Data provided START
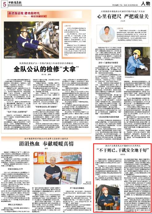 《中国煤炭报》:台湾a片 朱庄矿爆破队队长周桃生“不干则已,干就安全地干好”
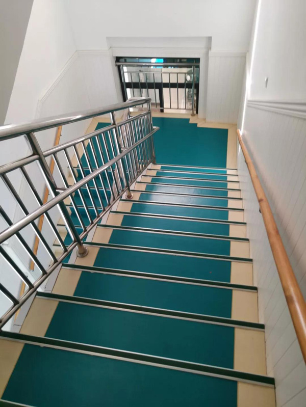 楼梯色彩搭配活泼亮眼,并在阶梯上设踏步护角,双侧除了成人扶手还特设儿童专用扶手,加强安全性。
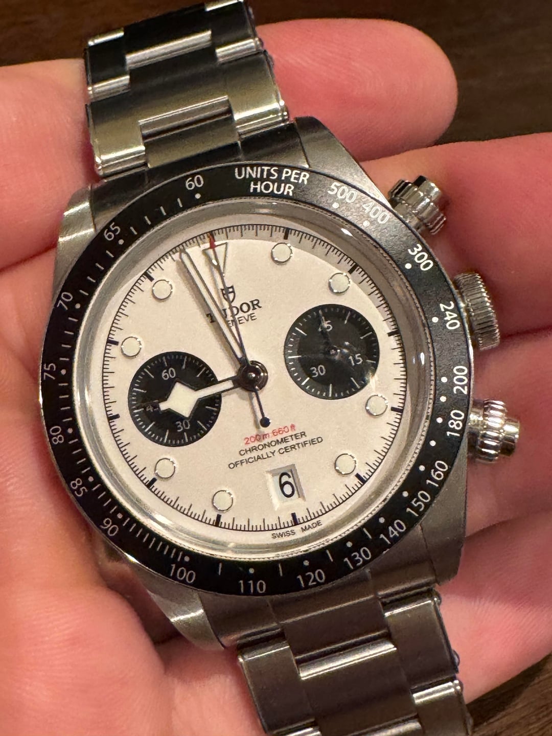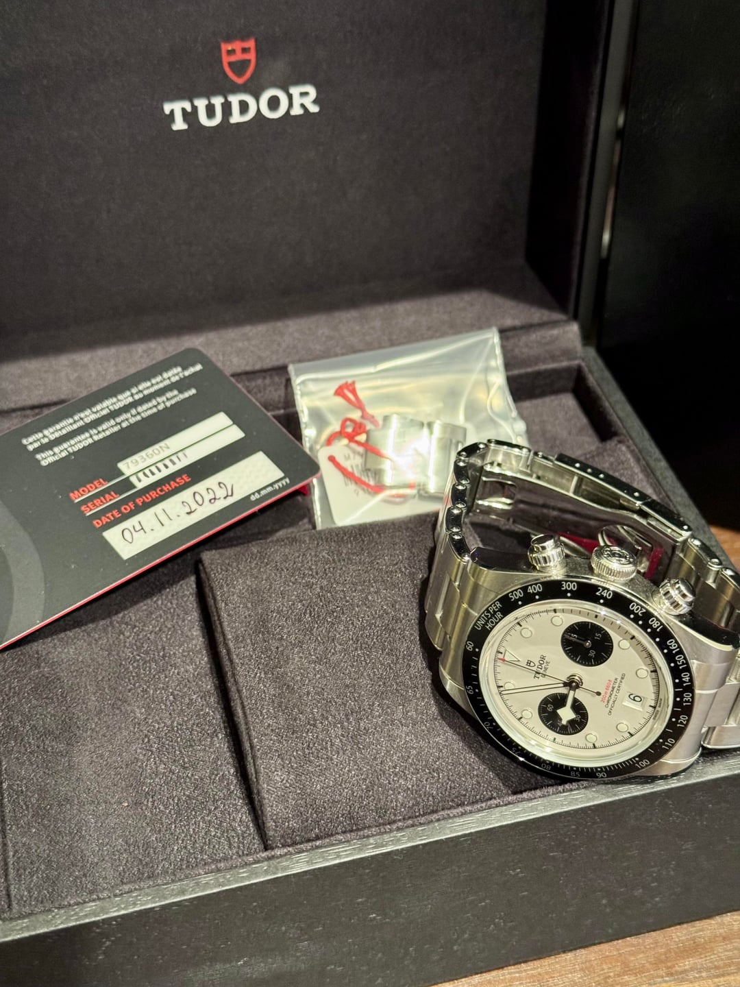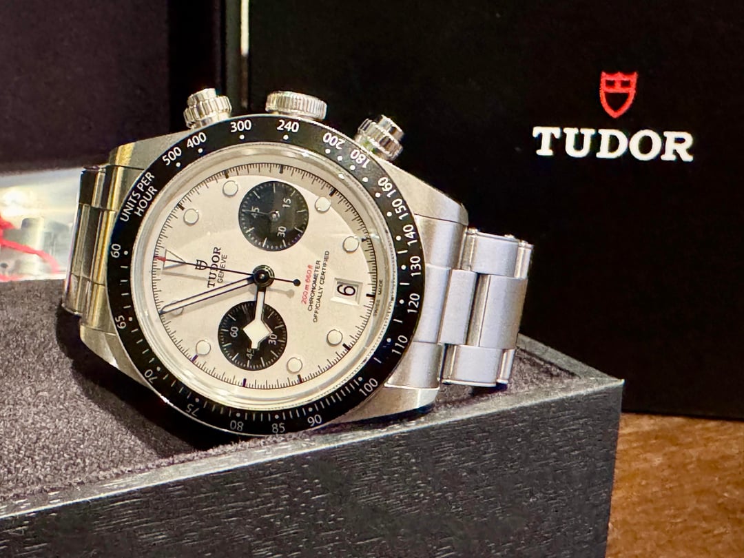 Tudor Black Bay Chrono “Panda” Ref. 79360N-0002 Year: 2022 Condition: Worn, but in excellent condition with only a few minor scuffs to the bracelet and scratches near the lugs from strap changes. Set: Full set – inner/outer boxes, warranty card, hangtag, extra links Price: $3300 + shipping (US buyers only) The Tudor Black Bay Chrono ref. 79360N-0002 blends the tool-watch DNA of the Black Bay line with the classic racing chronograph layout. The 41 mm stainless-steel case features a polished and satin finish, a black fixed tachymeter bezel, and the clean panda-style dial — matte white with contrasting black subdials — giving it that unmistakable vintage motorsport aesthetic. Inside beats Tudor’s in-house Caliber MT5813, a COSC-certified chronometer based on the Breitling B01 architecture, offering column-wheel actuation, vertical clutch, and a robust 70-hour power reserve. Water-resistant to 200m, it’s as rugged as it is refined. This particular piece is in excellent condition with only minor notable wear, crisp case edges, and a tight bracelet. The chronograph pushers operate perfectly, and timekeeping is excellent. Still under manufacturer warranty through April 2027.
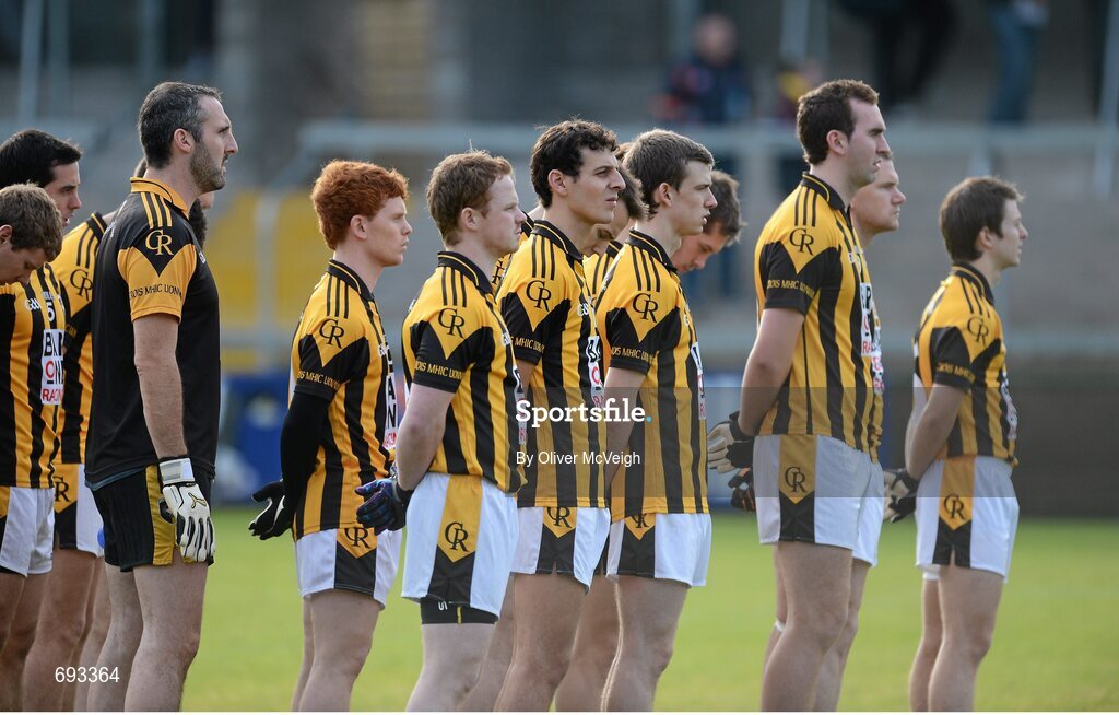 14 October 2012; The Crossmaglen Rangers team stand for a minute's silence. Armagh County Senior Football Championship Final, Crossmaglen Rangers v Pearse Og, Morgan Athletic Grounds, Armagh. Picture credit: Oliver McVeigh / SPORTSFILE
Data provided END
Data provided START
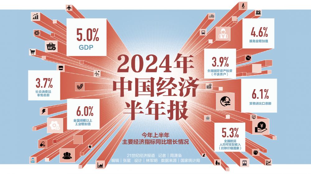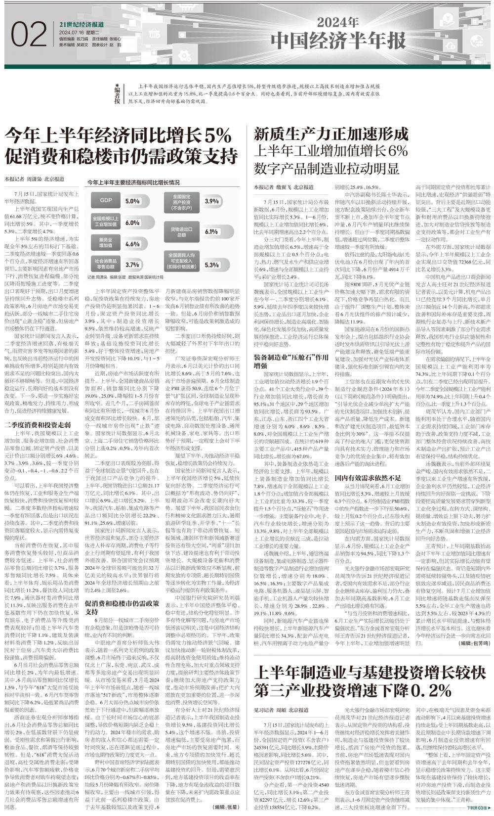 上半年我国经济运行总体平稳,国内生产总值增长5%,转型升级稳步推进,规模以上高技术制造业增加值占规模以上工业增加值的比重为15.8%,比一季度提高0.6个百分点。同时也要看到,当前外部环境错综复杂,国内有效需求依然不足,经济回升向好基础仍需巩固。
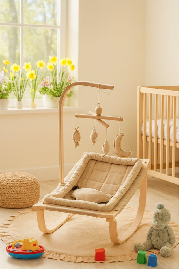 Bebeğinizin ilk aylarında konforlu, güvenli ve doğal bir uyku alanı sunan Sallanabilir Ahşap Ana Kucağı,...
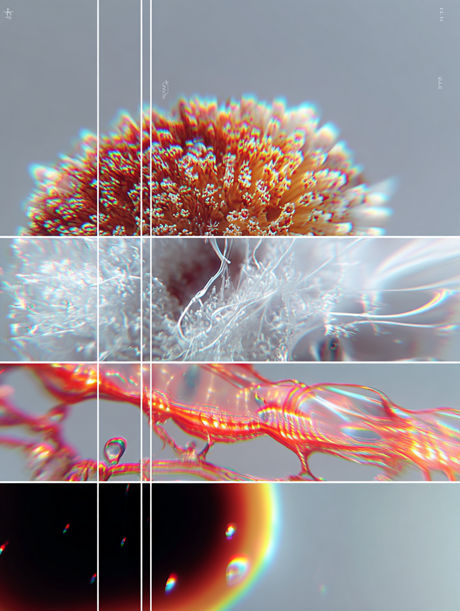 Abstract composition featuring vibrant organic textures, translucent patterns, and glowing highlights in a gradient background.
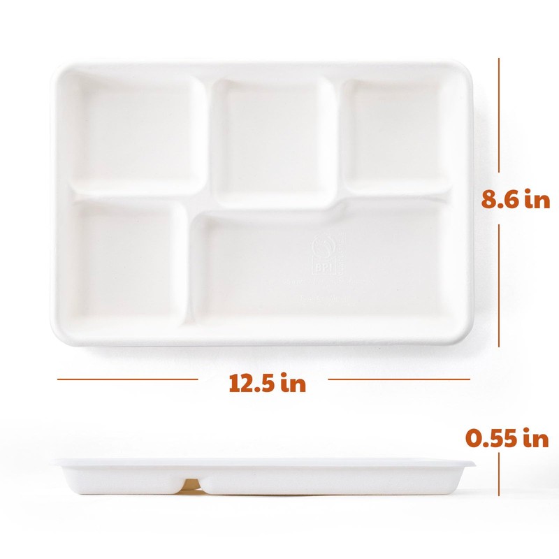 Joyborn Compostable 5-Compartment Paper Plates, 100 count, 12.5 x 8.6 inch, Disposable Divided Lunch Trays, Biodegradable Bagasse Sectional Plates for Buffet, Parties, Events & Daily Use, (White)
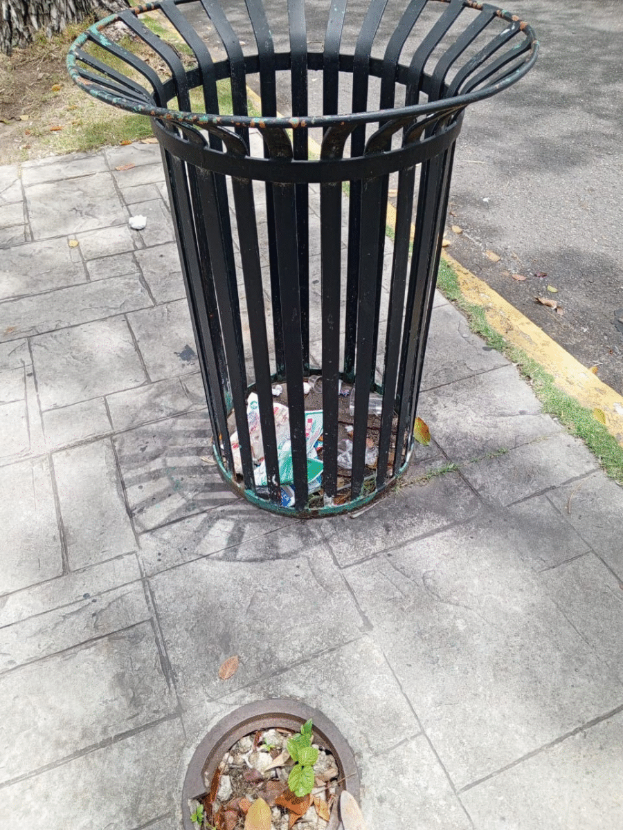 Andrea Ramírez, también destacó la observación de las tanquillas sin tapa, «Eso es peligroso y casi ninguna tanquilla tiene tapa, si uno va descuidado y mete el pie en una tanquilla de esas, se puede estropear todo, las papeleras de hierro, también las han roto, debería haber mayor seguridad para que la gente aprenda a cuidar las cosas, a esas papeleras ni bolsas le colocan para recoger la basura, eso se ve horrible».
Data provided END
Data provided START
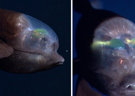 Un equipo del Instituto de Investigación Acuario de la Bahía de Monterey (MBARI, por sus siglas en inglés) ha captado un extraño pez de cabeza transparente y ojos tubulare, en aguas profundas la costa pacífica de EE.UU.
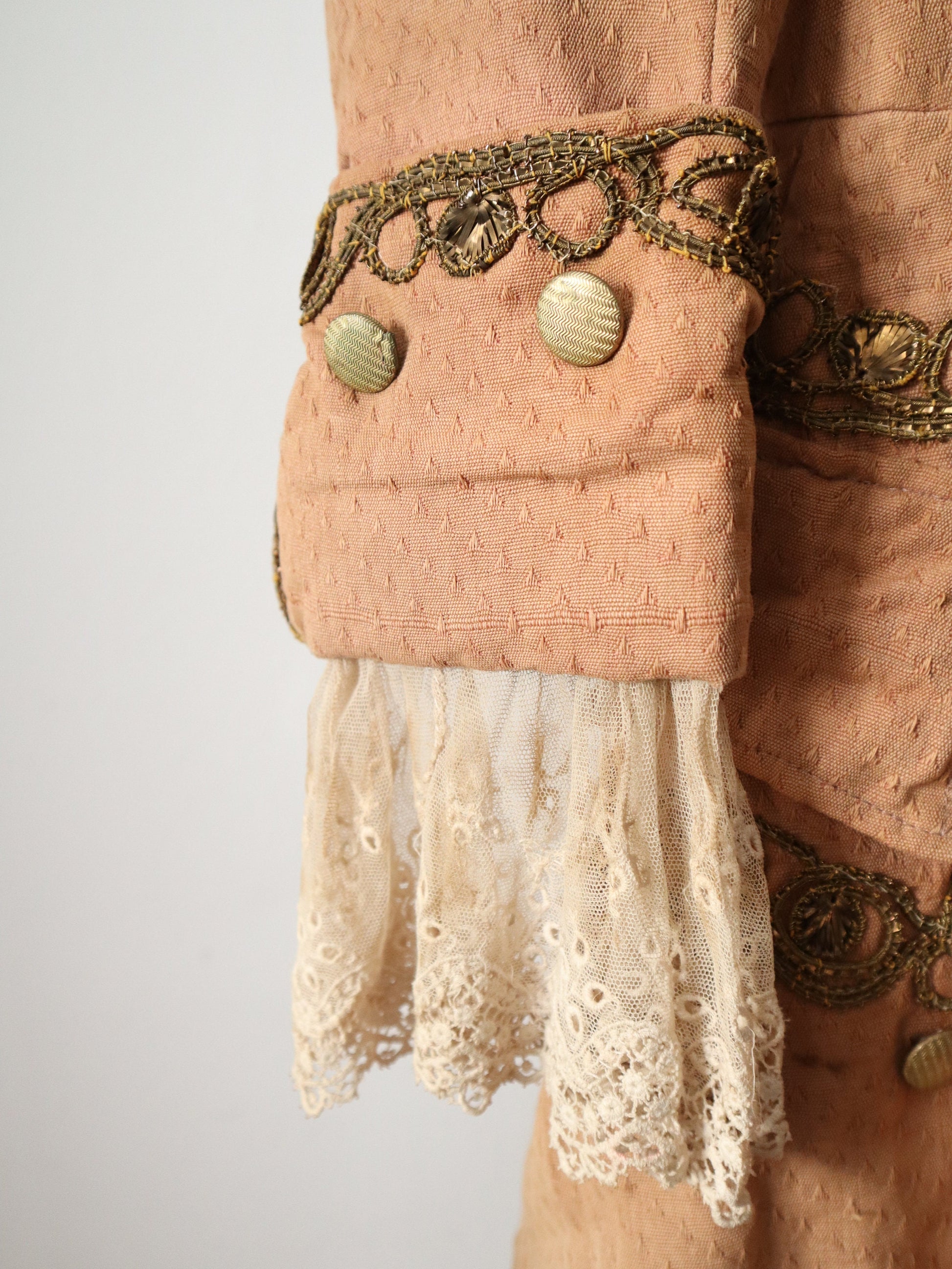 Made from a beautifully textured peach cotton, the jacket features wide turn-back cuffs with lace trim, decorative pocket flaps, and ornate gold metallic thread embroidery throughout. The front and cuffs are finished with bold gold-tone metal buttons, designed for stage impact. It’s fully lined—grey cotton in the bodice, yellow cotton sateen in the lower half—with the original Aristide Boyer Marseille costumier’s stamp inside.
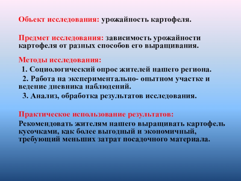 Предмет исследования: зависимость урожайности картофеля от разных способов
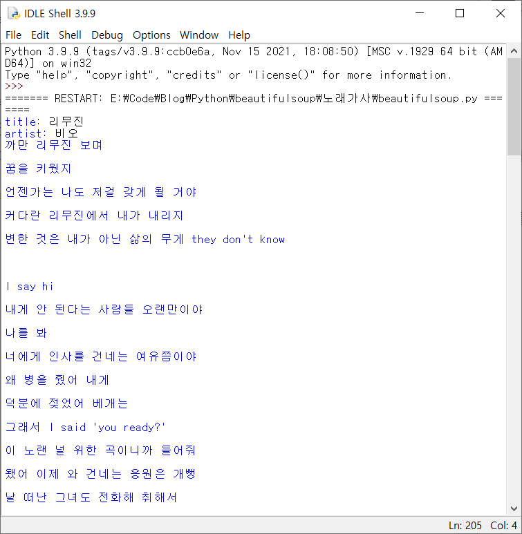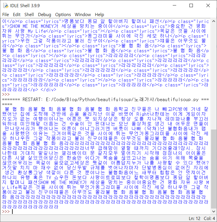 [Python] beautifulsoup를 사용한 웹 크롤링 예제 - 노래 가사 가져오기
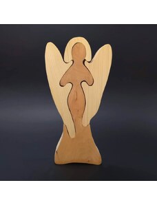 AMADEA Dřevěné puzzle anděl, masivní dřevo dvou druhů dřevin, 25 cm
Data provided END
> _What is expected_
Output exactly the stretch of the listing that begins at the line containing "Abstract composition featuring" and ends at the line containing "Joyborn Compostable 5-Compartment", both kept. Omit pictures and everything else.

> _Answer box_
 Abstract composition featuring vibrant organic textures, translucent patterns, and glowing highlights in a gradient background.
 Joyborn Compostable 5-Compartment Paper Plates, 100 count, 12.5 x 8.6 inch, Disposable Divided Lunch Trays, Biodegradable Bagasse Sectional Plates for Buffet, Parties, Events & Daily Use, (White)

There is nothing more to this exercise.